THE TASK: Everything from the opening line of the listing below to the line that has "2015年11月21日,MB", inclusive, should be returned exactly, except the pictures.

-- INFORMATION SHOWN follows --

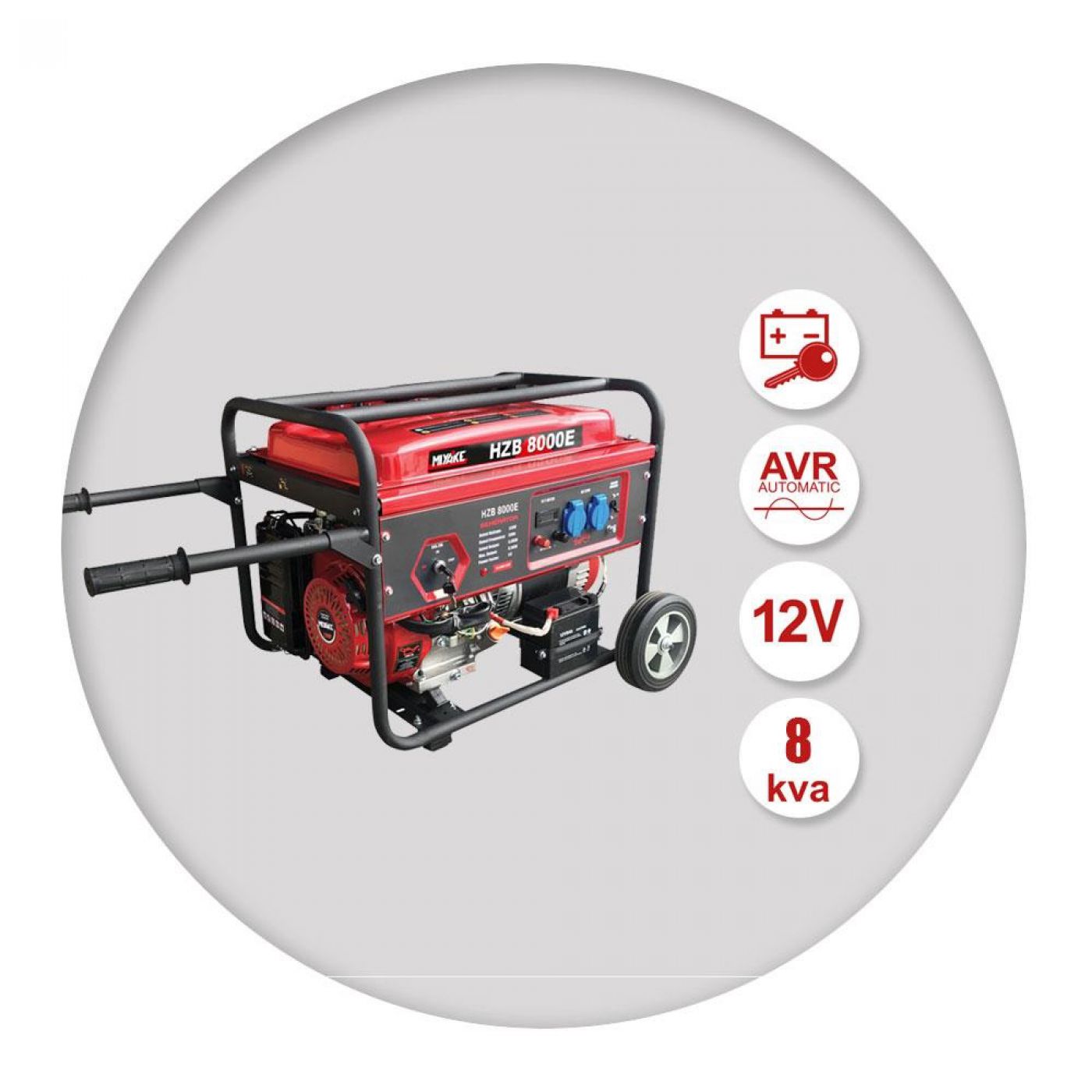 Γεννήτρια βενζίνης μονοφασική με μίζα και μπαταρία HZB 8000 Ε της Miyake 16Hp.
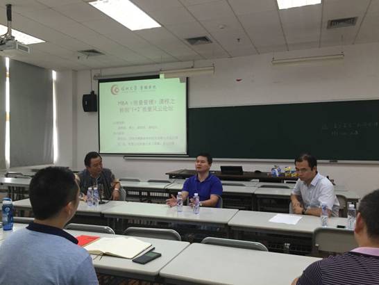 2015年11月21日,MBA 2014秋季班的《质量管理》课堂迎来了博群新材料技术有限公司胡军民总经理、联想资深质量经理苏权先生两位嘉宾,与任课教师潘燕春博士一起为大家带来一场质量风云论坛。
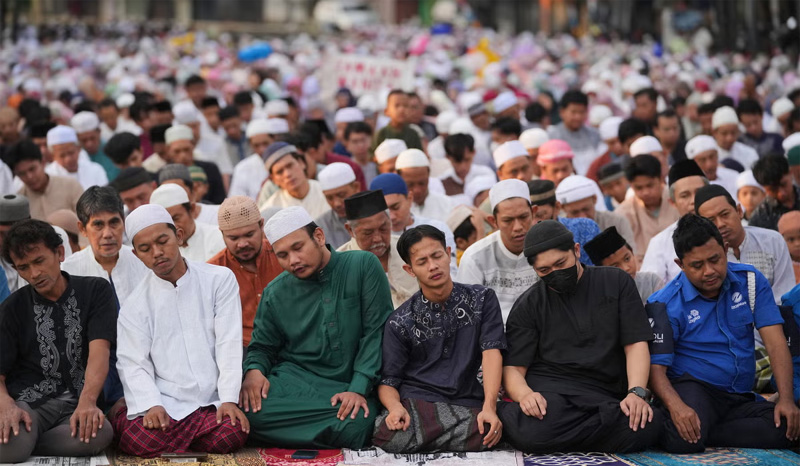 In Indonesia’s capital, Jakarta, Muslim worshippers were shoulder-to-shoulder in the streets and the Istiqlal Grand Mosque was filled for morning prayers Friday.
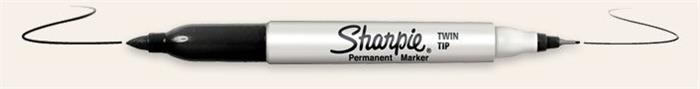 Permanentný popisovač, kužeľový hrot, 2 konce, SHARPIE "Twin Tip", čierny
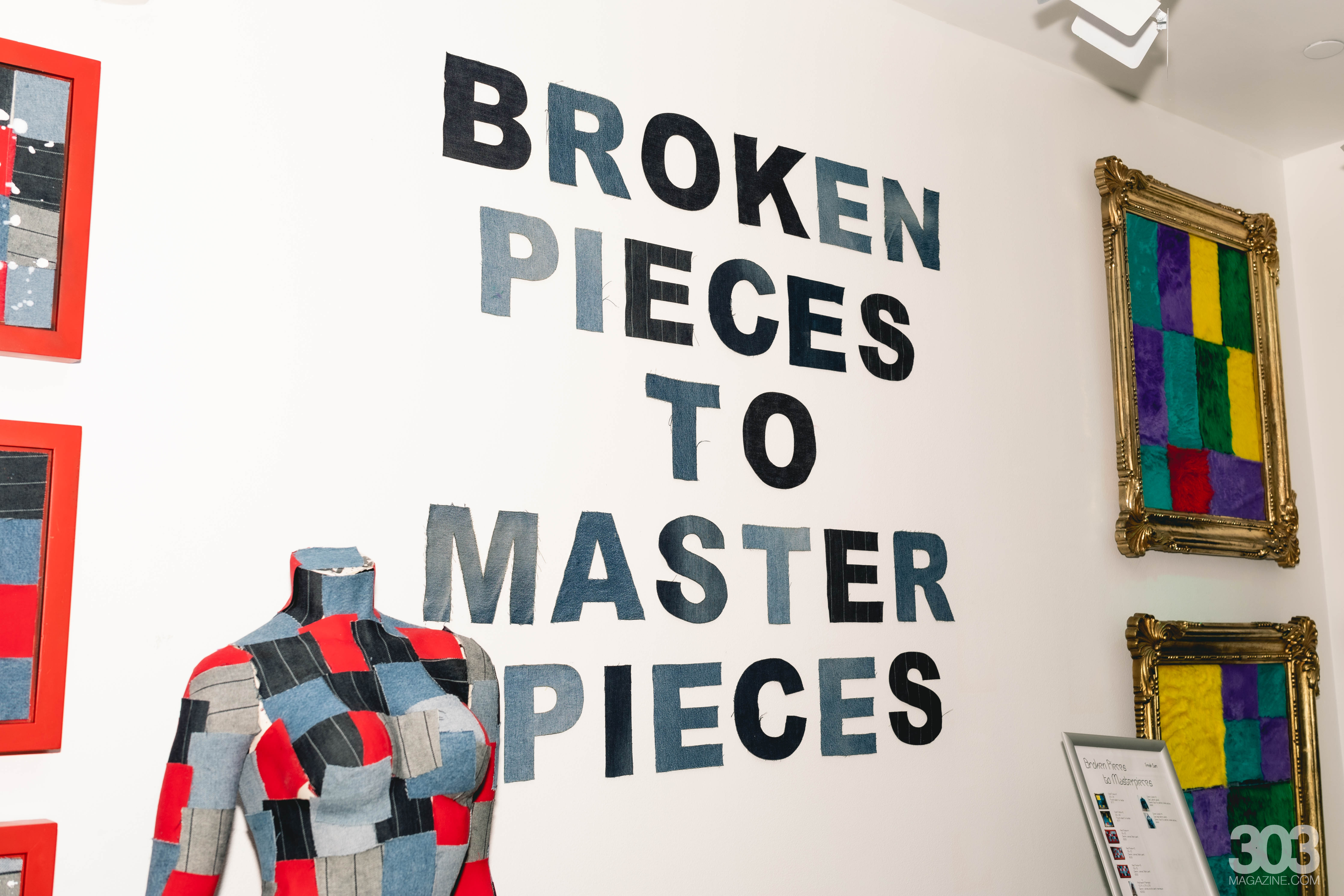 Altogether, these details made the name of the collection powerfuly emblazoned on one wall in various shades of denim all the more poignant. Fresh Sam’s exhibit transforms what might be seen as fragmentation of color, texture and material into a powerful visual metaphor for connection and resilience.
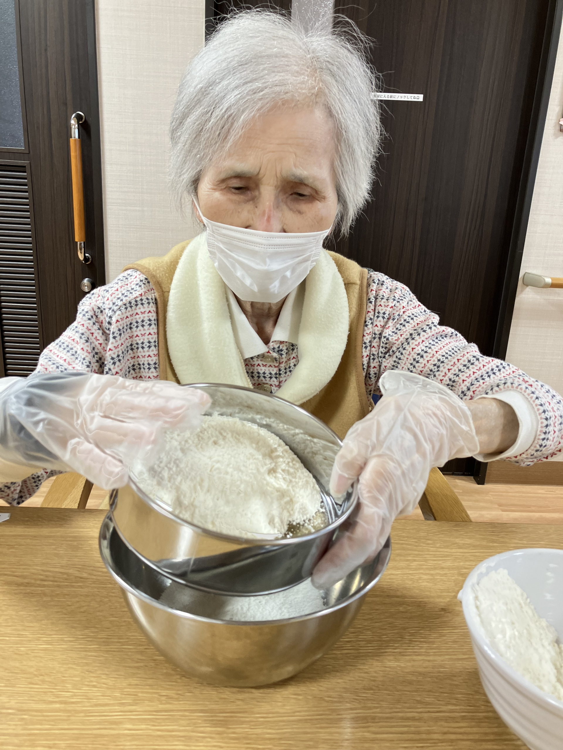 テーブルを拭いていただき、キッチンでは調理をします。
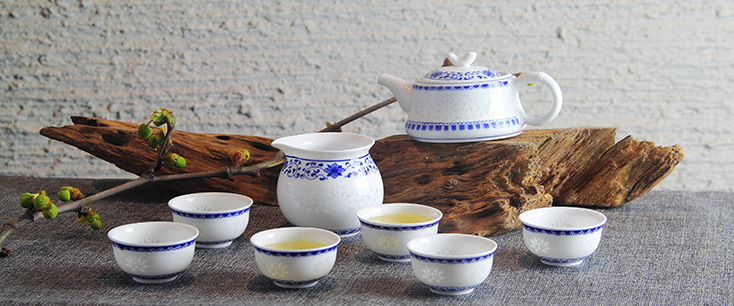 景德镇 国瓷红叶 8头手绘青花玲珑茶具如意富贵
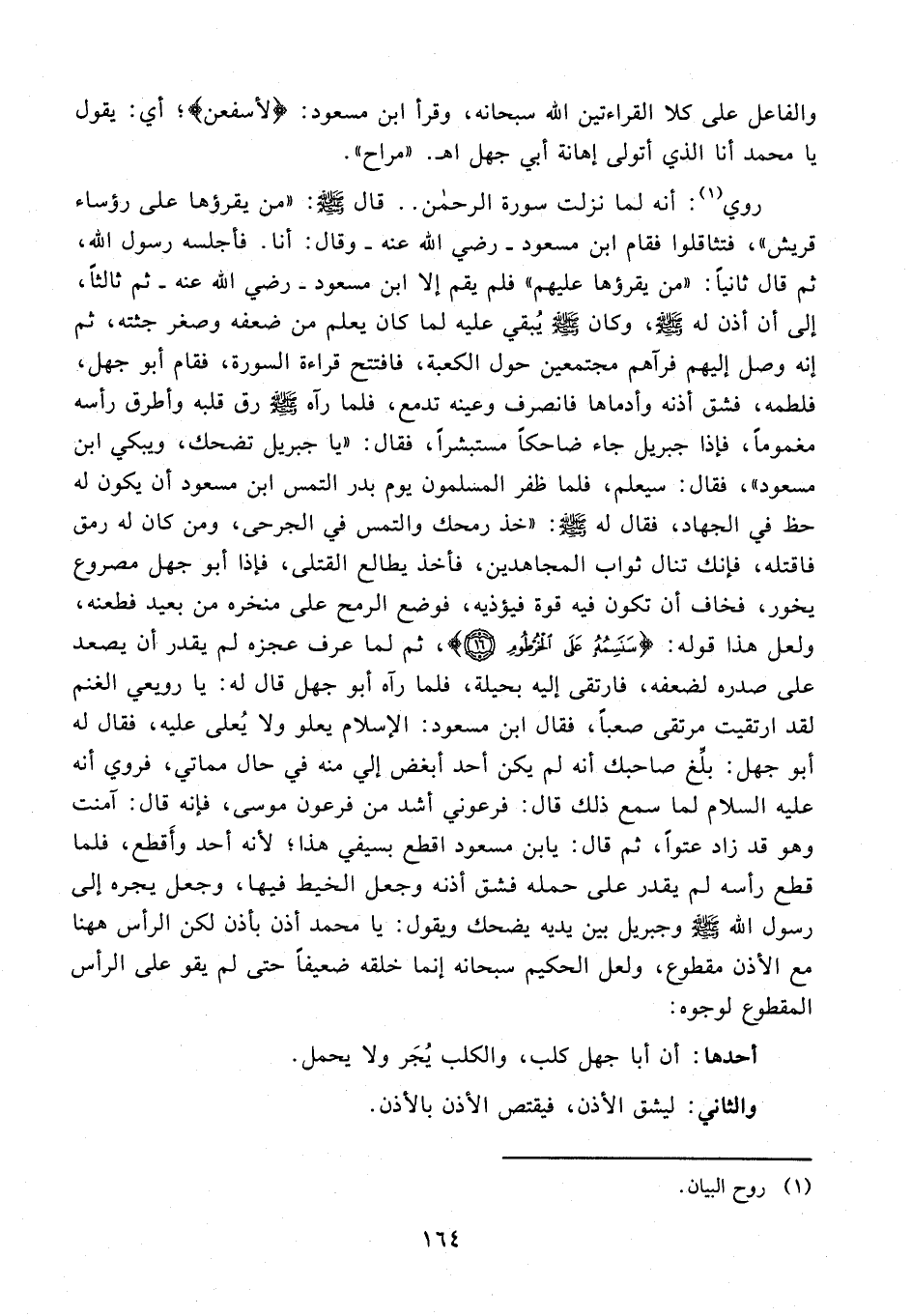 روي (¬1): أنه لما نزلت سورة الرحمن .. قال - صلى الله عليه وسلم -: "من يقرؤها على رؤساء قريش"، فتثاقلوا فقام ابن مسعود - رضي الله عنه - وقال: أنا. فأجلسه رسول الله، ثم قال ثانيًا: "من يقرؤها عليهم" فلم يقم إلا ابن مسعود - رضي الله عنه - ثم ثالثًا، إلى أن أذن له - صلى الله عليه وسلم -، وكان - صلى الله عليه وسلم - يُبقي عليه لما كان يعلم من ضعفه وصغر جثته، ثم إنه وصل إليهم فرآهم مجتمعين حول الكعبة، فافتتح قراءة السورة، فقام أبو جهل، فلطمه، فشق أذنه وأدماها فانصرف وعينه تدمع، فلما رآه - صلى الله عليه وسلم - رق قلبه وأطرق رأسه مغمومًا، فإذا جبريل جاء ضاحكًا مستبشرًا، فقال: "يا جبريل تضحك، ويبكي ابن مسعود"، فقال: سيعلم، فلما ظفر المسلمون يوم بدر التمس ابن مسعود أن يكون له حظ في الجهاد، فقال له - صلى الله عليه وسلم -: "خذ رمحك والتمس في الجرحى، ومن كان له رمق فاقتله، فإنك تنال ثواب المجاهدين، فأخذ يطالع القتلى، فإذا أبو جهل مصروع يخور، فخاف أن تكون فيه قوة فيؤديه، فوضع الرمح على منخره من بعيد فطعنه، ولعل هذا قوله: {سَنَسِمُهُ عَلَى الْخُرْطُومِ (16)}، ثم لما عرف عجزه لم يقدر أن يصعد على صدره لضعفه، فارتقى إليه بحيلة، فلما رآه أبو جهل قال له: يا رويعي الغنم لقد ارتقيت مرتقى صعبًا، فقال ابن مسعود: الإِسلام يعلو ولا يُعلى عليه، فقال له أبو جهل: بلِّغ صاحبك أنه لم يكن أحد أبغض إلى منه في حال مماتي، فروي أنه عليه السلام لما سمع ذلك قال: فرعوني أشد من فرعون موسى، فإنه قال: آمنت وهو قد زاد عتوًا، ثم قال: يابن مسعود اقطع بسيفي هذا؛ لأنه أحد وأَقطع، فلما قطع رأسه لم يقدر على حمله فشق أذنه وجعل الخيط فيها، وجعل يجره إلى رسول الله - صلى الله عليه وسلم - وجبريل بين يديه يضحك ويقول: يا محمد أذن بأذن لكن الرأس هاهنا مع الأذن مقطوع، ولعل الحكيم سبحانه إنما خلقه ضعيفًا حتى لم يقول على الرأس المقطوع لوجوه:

-- INFORMATION SHOWN concluded --

EXERCISE ANSWER:
 Γεννήτρια βενζίνης μονοφασική με μίζα και μπαταρία HZB 8000 Ε της Miyake 16Hp.
 2015年11月21日,MBA 2014秋季班的《质量管理》课堂迎来了博群新材料技术有限公司胡军民总经理、联想资深质量经理苏权先生两位嘉宾,与任课教师潘燕春博士一起为大家带来一场质量风云论坛。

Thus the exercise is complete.